This was published 8 months ago
Billionaire Stokes family wins support for takeover of Australia’s largest concrete maker
Boral’s independent directors have caved in to Seven Group’s hardball takeover bid for control of Australia’s largest concrete and cement maker, but not before wringing a handful of concessions from the billionaire Stokes family controlled company.
The about-face in the combative takeover follows Seven beefing up its already dominant Boral holding to 78.8 per cent and the independent directors recognising Seven was serious in its threat to stack Boral’s board with new directors, delist the company from the ASX and defer dividend payments.
Ryan Stokes, Seven’s chief executive, along with father Kerry owns about 57 per cent of Seven, a diversified Perth-based conglomerate. The billionaires also control industrial equipment firm Westrac, Coates Hire, a large chunk of ASX-listed oil and natural gas producer Beach Energy and a dominant interest in Seven West Media.
Boral, run by Vik Bansal, is midway through a major turnaround and is bullish about the prospects of its quarries, cement and concrete as multiple major infrastructure works get under way around the country and demand for housing remains sky-high.

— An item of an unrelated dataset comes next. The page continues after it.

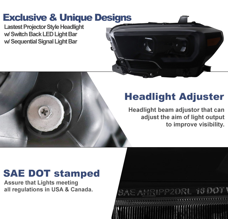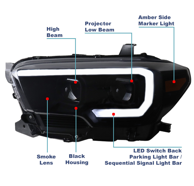 | Fitment | Compatible with 2016-2023 Toyota Tacoma SR | SR5 | Trail *Do not fit models with factory LED Daytime Running Light (DRL) headlights **Do not fit models with factory full LED headlights |
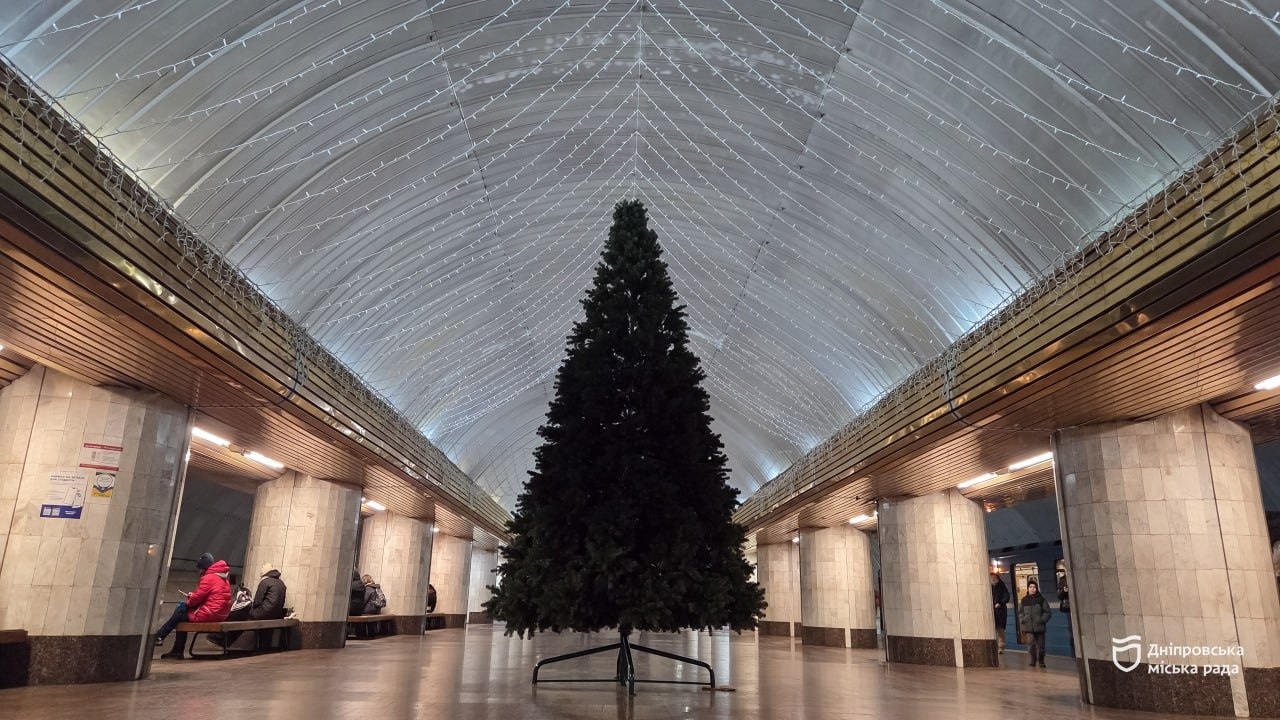 У Дніпрі триває підготовка до відкриття головної новорічної ялинки міста. Роботи зі святкового оформлення на станції метро «Вокзальна» розпочалися 16 грудня.

The company is the country’s biggest building materials maker, supplying Australia’s largest building and infrastructure firms with highway and home building materials.
Boral’s bid response committee said in a supplementary target statement to investors on Friday that Seven’s large interest in the company would result in its nominees having “effective control of decision-making on the Boral board and would reduce the influence of independent voices”.

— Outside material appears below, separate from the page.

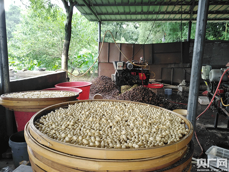 7月14日,江西分宜縣分宜鎮(zhèn)大臺(tái)村蓮子產(chǎn)業(yè)基地?zé)狒[非凡,村民們有的摘蓮蓬,有的剝蓮蓬,有的對(duì)剛脫殼的蓮子進(jìn)行清洗、提選、烘干,蓮子脫殼機(jī)隆隆地馬達(dá)聲,村民歡歌笑語(yǔ)聲,奏響了一首脫貧致富曲。

“The bid response committee has concerns about the impact of these changes on Boral as a standalone listed company for minority Boral shareholders in the near term,” it said.

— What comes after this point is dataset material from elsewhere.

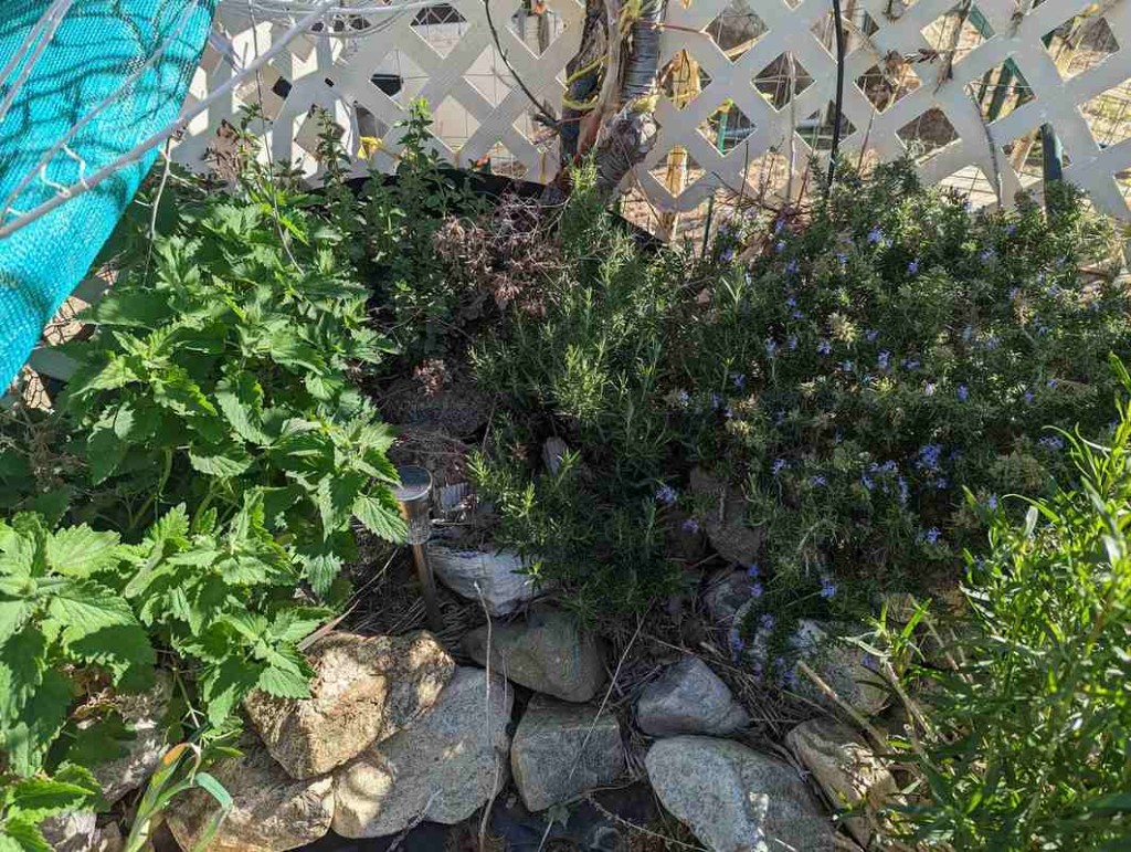 Richards’ perennials have exploded into life thanks to this deluge, including oregano, goji berries, and cat mint.

The committee said it was able to “negotiate a package of measures with Seven to enhance the value received by Boral shareholders who accept the Seven offer,” and hence had changed it position, recommending shareholders now accept Seven’s offer or sell their shares on-market.
Seven lobbed its takeover bid in February. At that stage, it owned 71.6 per cent of Boral and was offering to buy the remaining 28.4 per cent at an initial offer of 0.1116 of Seven Group shares and $1.50 cash for every Boral share.
Boral’s independent directors were quick to reject the $6.05 cash and scrip offer (it could go as high as $6.25 depending on certain conditions) the following month after their independent expert, advisory firm Grant Samuel, labelled it “not fair and not reasonable.”
At the time, Seven chief Ryan Stokes said, “we obviously disagree with their assessment strongly,” reiterating the offer was “best and final” and would not be increased.
Boral’s directors have since extracted some worthy concessions from Seven.
They include: increasing the offer’s cash component from $1.50 a share to $1.70 without the conditions Seven had previously attached; paying Boral’s investors a 26¢ dividend in April; an on-market buyback of shares up to the value of $6.42; Seven paying a fully franked 30¢ dividend; and rounding up, rather than down, shareholders’ final cash consideration.
The April dividend, to be deducted from the final cash payment, and Seven’s 30¢ payout will allow investors to aggregate and claim significant franking credit benefits.
As well, the buyback increases liquidity for shareholders who want to sell on the market, Boral said.
Grant Samuel’s original assessment settled on a fair value for Boral between $6.50 to $7.13 a share, but they have reviewed their position and now believe Seven’s offer is reasonable.
The total value for shareholders under the deal negotiated by Boral’s independent directors will be between $6.16 to $6.39 per share, plus around 13¢ in franking credits for Boral shareholders, the statement said.
Boral’s shares rose 1.82 per cent in morning trade to $6.14.